Heuristic: Fake Promoter - ParticipaPY/politic-bots GitHub Wiki

Heuristic that identifies accounts that are promotioning other accounts exhibiting bot-like behaviour.

Preparation

This heuristic uses a db structure that has stored, for each user, its bot_detector_pbb(1) and, for each user interacted by the former, its screen name and bot_detector_pbb. Before doing any computations, it fetches a sample of one(2) user document from the database, and if it already has the attribute 'bot_detector_pbb', it is assumed that it and all the user documents have the described structure. If it doesn't, its and its interacted users' bot_detector_pbbs are calculated and stored.
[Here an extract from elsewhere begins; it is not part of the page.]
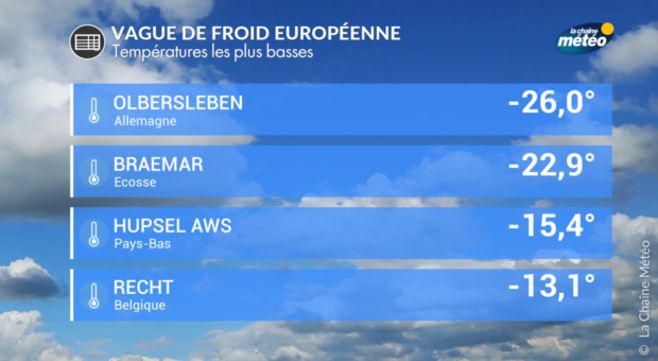 Si le nord de la France a connu une vague de froid d'intensité modérée, le froid s'est montré plus rigoureux et exceptionnel sur l'Allemagne, le Benelux et les îles britanniques. En Allemagne, le thermomètre est descendu à -26,7°C à Mülhausen en Thuringe et -23,1°C à Göttingen en Basse Saxe. Aux Pays-Bas, la température la plus basse a atteint -15,4°C à Hupsel Aws. Tous les canaux ont gelé, ce qui n'était plus arrivé depuis janvier 2013, ce qui a fait la joie des patineurs. En Écosse, le thermomètre a plongé à près de -19,7°C à Altnaharra et -12,6°C à Édimbourg, une valeur qui n'avait plus été atteinte depuis décembre 2010. A Braemar, village situé dans le nord-est de l'Ecosse, la température est descendue encore plus bas, à -22,9°C : il s'agit de la plus basse température relevée en février... depuis février 1956 pour les îles britanniques ! Enfin en Suisse, si la vague de froid a été de courte durée (2 jours), la température a plongé à -44,4°C à Glattalp (1850 mètres d'altitude) dans l'est du pays dimanche matin !

Since performing the preparations for this computations for every user may imply doing an extra computation for every user that she started an interaction with, an upper limit is set on the number of the interacted users that are going to be taken into account for the update process (NUM_INTERACTED_USERS_UPDATE(3)). The number of documents to be updated can also be set (NUM_USERS_UPDATE). This in case it is desired to update the db in multiple passes.

Implementation

The heuristic consists of evaluating the interactions (RTs, Quotes, Mentions, etc.) generated by the user being analyzed and doing some mathematical computations about them. For the same reason that in the preparation, and since not all interacted users may be stored in the document for each user, an upper limit is set on the number of the interacted users that are going to be taken into account for the computations (NUM_INTERACTED_USERS_HEUR). Note that it's not the same constant than NUM_INTERACTED_USERS_UPDATE, and it cannot be greater than the maximum number of interacted users stored in the db for each user. When describing the heuristic, this detail is ignored for simplicity purposes, but this must be taken into account when executing the script.

For illustrating how the heuristic works, let's take for example the user FAKE.PROMOTER.

Assume that she's the user being analyzed. First, a synthesis of her interactions (the interactions and users interacted by her) are fetched, using the 'NetworkAnalyzer' class from the 'network_analysis' module(4). The results are better if the synthesis of the interactions of a user is ordered decreasingly by the number of interactions started with them, so its iterated in this order. Also the synthesis of the interacted users with the bot_detector_pbb of each one of them is fetched. The exact next steps depends on the specific method of the heuristic, and are described below. For now suffice it say that the heuristic calculates a score that if it turns out to be greater than a defined threshold(5), it returns 1 otherwise 0.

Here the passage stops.